Les aliments pour bien dormir
Nous savons tous que l’alimentation a une influence importante sur notre santé et qu’une mauvaise alimentation peut provoquer des troubles et des maladies comme l’obésité, le diabète ou l’hypertension artérielle.
De plus, notre alimentation doit être variée pour obtenir tous les nutriments nécessaires pour couvrir toutes les fonctions de l’organisme, y compris le sommeil. Dans cet article, nous présentons une série d’aliments que vous pouvez inclure dans votre alimentation pour mieux dormir.
Quels composants alimentaires nous aident à dormir ?
Vous avez probablement déjà entendu parler du tryptophane, de la sérotonine et de la mélatonine, mais vous ne savez peut-être pas exactement quel rôle ils jouent dans le sommeil. Ensuite, nous expliquons ce que sont ces substances et pourquoi elles sont nécessaires pour bien dormir.
Le tryptophane est un acide aminé essentiel ; Autrement dit, notre corps ne peut pas le fabriquer et, par conséquent, nous ne pouvons l’obtenir que par l’alimentation. Entre autres fonctions, le tryptophane permet à notre organisme d’obtenir de la sérotonine, communément appelée « l’hormone du bonheur ». La sérotonine, en plus de moduler l’humeur, régule des fonctions telles que l’appétit, la digestion, le comportement ou le sommeil.
De plus, une partie de cette sérotonine est transformée en mélatonine, qui est une hormone qui favorise également le sommeil. Compte tenu de cela, il n’est pas surprenant que de nombreux aliments qui vous aident à bien dormir aient une teneur élevée en tryptophane, en sérotonine et en mélatonine.
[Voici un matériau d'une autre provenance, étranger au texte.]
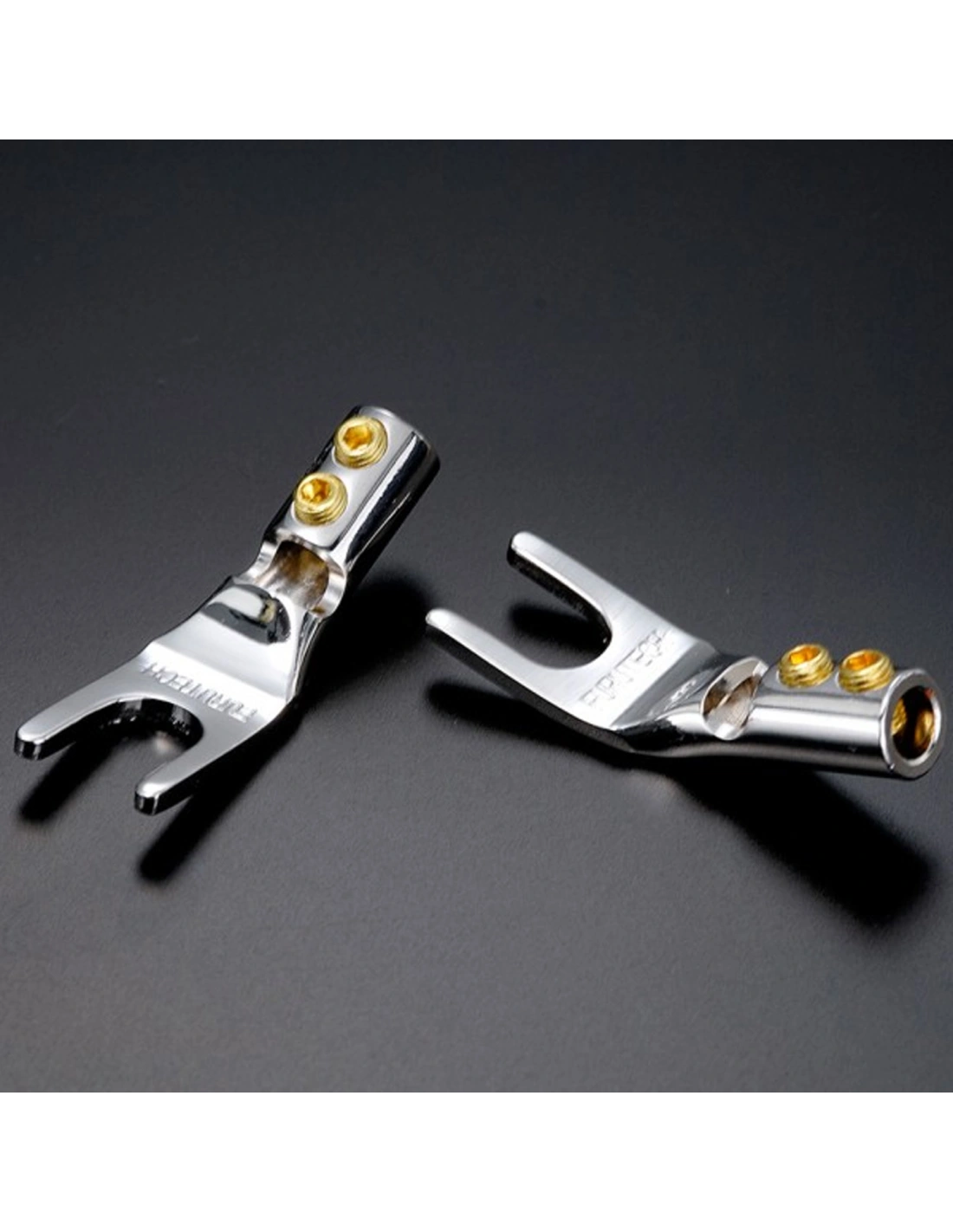 Sistema di Fissaggio Versatile e Sicuro Le FP-201 sono progettate per un'installazione flessibile e duratura. Il sistema di fissaggio permette sia la crimpatura tramite doppie viti (ideale per una connessione meccanica rapida e solida) sia la saldatura, o una combinazione delle due tecniche per la massima integrità elettrica. L'ampia apertura della forcella (8,2 mm) assicura la compatibilità con la stragrande maggioranza dei morsetti per diffusori e amplificatori presenti sul mercato.

Cependant, comme nous le verrons ci-dessous, il existe d’autres composants alimentaires qui peuvent améliorer la qualité de notre sommeil, comme les glucides, la vitamine D, le magnésium ou les acides gras oméga 3 .
Aliments qui facilitent le sommeil
Les aliments suivants peuvent vous aider à avoir un sommeil de meilleure qualité :
Fruits secs. Les amandes et les noix sont des aliments riches en mélatonine , elles peuvent donc favoriser une bonne nuit de sommeil.
Les produits laitiers peuvent vous aider à dormir grâce à leur teneur élevée en tryptophane. De plus, boire un verre de lait chaud avant de se coucher est une habitude relaxante qui facilite le repos.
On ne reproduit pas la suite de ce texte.